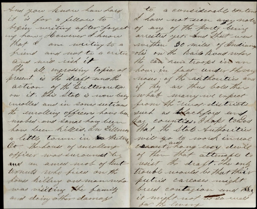 The all engrossing topic at present is the draft and the action of the “Butternuts” on it. This State is now being enrolled and in some sections the enrolling officers have been mobbed and some have been killed. In Fillmore—a little town in Putnam county—the house of the enrolling officer was surrounded by an armed mob of Butternuts who fired on the house killing one man who was visiting the family and doing some other damage to a considerable extent. I have not seen any notice of any of the party being arrested yet. And that was within thirty miles of Indianapolis on the railroad where they can run troops in an hour. In fact, under the very noses of the authorities, and if they are thus bold there, what may we expect from the rural districts such as Blackford and Jay counties?
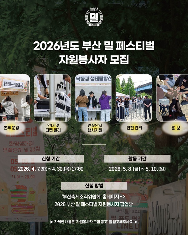- 지원방법 : 부산축제조직위원회 홈페이지 -> 2026 부산 밀 페스티벌 자원봉사 배너
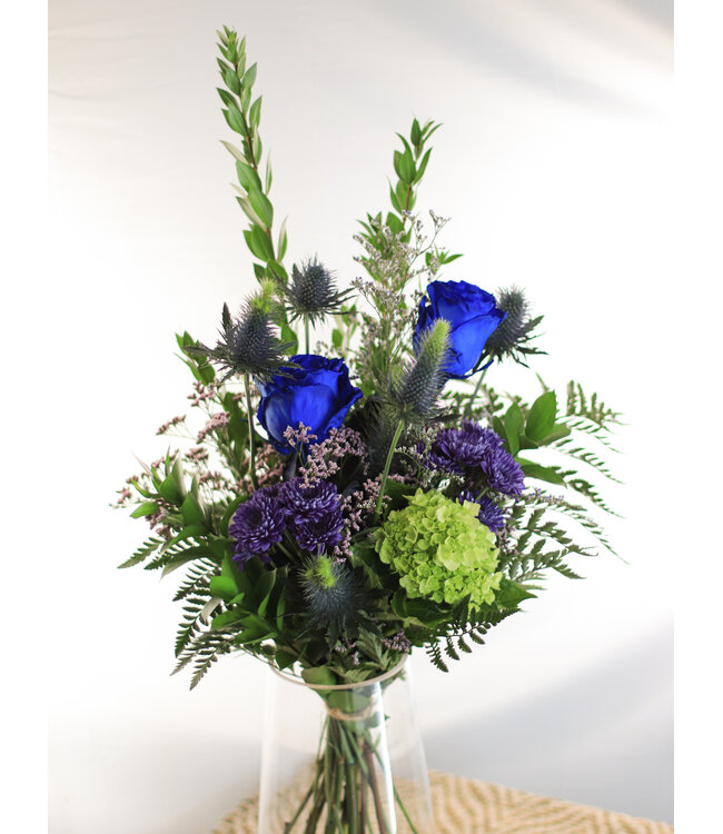 Plongez dans l'univers envoûtant de notre bouquet "Belle de Nuit". Chaque fleur, choisie avec soin, raconte une histoire de passion et de raffinement. Les teintes profondes et mystérieuses de cette composition évoquent des sentiments intenses, créant une symphonie visuelle qui touche le cœur. Bien que les variétés florales puissent varier en fonction des saisons et de la disponibilité, nous garantissons que l'harmonie des couleurs et l'esthétique générale du bouquet resteront fidèles à l'esprit de "Belle de Nuit". Offrez ce bouquet à votre être aimé et laissez les fleurs exprimer ce que les mots ne peuvent dire.
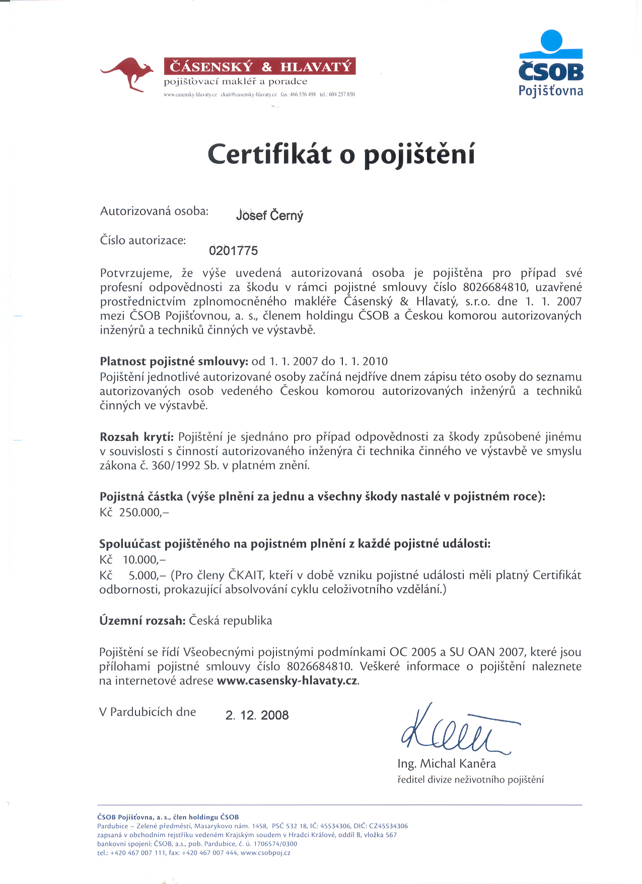Dlouholeté zkušenosti, praktické dovednosti a v neposlední řadě členství vedoucích pracovníků v České komoře autorizovaných inženýrů a techniků činných ve výstavbě jsou zárukou pro všechny naše investory.
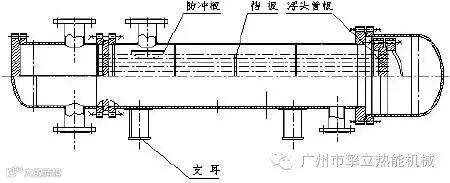 两端的管板,一端不与壳体相连,可自由沿管长方向浮动。当壳体与管束因温度不同而引起热膨胀时,管束连同浮头可在壳体内沿轴向自由伸缩,可完全消除热应力。
____
WHAT IS EXPECTED => Would you print all of the entries exactly, omitting any image?

WRITTEN ANSWER =>
 The all engrossing topic at present is the draft and the action of the “Butternuts” on it. This State is now being enrolled and in some sections the enrolling officers have been mobbed and some have been killed. In Fillmore—a little town in Putnam county—the house of the enrolling officer was surrounded by an armed mob of Butternuts who fired on the house killing one man who was visiting the family and doing some other damage to a considerable extent. I have not seen any notice of any of the party being arrested yet. And that was within thirty miles of Indianapolis on the railroad where they can run troops in an hour. In fact, under the very noses of the authorities, and if they are thus bold there, what may we expect from the rural districts such as Blackford and Jay counties?
- 지원방법 : 부산축제조직위원회 홈페이지 -> 2026 부산 밀 페스티벌 자원봉사 배너
 Plongez dans l'univers envoûtant de notre bouquet "Belle de Nuit". Chaque fleur, choisie avec soin, raconte une histoire de passion et de raffinement. Les teintes profondes et mystérieuses de cette composition évoquent des sentiments intenses, créant une symphonie visuelle qui touche le cœur. Bien que les variétés florales puissent varier en fonction des saisons et de la disponibilité, nous garantissons que l'harmonie des couleurs et l'esthétique générale du bouquet resteront fidèles à l'esprit de "Belle de Nuit". Offrez ce bouquet à votre être aimé et laissez les fleurs exprimer ce que les mots ne peuvent dire.
Dlouholeté zkušenosti, praktické dovednosti a v neposlední řadě členství vedoucích pracovníků v České komoře autorizovaných inženýrů a techniků činných ve výstavbě jsou zárukou pro všechny naše investory.
 两端的管板,一端不与壳体相连,可自由沿管长方向浮动。当壳体与管束因温度不同而引起热膨胀时,管束连同浮头可在壳体内沿轴向自由伸缩,可完全消除热应力。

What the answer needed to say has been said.